From: Theodore Tso <tytso@mit.edu>
To: Linus Torvalds <torvalds@linux-foundation.org>
Cc: Jim Meyering <jim@meyering.net>, git@vger.kernel.org
Subject: Re: [PATCH] git-rev-list: give better diagnostic for failed write
Date: Thu, 28 Jun 2007 15:04:06 -0400 [thread overview]
Message-ID: <20070628190406.GC29279@thunk.org> (raw)
In-Reply-To: <alpine.LFD.0.98.0706261024210.8675@woody.linux-foundation.org>
On Tue, Jun 26, 2007 at 10:32:23AM -0700, Linus Torvalds wrote:
> But we actually _do_ want fully buffered from a performance angle.
> Especially for the big stuff, which is usually the *diffs*, not the commit
> messages. Not so much an issue with git-rev-list, but with "git log -p"

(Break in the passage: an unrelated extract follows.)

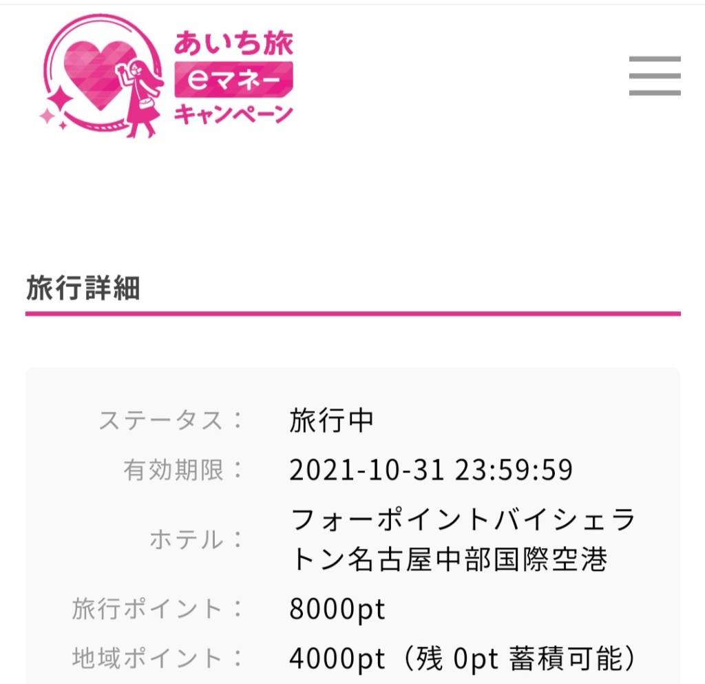 トラさんが出掛ける前にレセプションに寄り、昨日お部屋付けにしたテイクアウトと売店で購入したペプシの代金を「あいち旅eマネーキャンペーン」のQRコードによみこませます。合計で4,014円だったので、4,000円分の還元となります。この時点では地域ポイントとして反映されているかを確認します。

> you would normally not want it line-buffered, and it's actually much nicer
> to let it be fully buffered and then do a flush at the end.
>
> Even pipes are often used for "throughput" stuff if you end up doing some
> post-processing (ie "git log -p | gather-statistics"), and yes, I actually
> do things like that - it's nice for things like looking at how many lines
> have been added during the last release cycle
>
> git log -p v2.6.21.. | grep '^+' | wc -l
>
> and I'd really like thigns like that to be close to optimal.
>
> How much the system call overhead is, I don't know, though. So it might be
> worth testing out....
So just for yuks, I devised the following patch, and did some measurements....

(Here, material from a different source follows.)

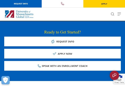 UMass Global will connect you to an enrollment coach to guide you through admissions. An online course demo video will familiarize you with the online classes, and a financial advisor will also show you the funding options available.

For the above pipeline, the result was hardly worth mentioning:
With flushing:
% time git log -p v2.6.21.. | grep '^+' | wc -l
real 0m22.330s
user 0m21.512s
sys 0m0.807s
# of write() system calls according to strace -c: 15167
Without flushing:
% time git log -p v2.6.21.. | grep '^+' | wc -l
real 0m22.367s
user 0m21.355s
sys 0m0.720s
# of write() system calls according to strace -c: 11373
So here's the worst case:
% time git-rev-list HEAD > /dev/null
real 0m1.575s
user 0m1.477s
sys 0m0.053s
# of write() system calls according to strace -c: 582
% (export GIT_NEVER_FLUSH_STDOUT=t; time git-rev-list HEAD > /dev/null)
real 0m1.535s
user 0m1.463s
sys 0m0.027s
# of write() system calls according to strace -c: 58055
> Under Linux, you'll probably have a fairly hard time
> seeing any difference, but under other OS's you have both system call
> latency issues *and* possible scheduling issues (ie the above kind of
> pipeline can act very differently from a scheduling standpoint if you send
> lots of small things rather than buffer things a bit on the generating
> side)
Indeed. So it's not at all clear this patch is worth applying, but
maybe it would make a difference on some other OS; of course, this
patch also obviates the original intent of Jim Meyering's patch, since
it means that we won't print a useful error message if stdout has been
redirected to a file and the write returns ENOSPC, since we won't be
fflush() when stdout is redirected to a file.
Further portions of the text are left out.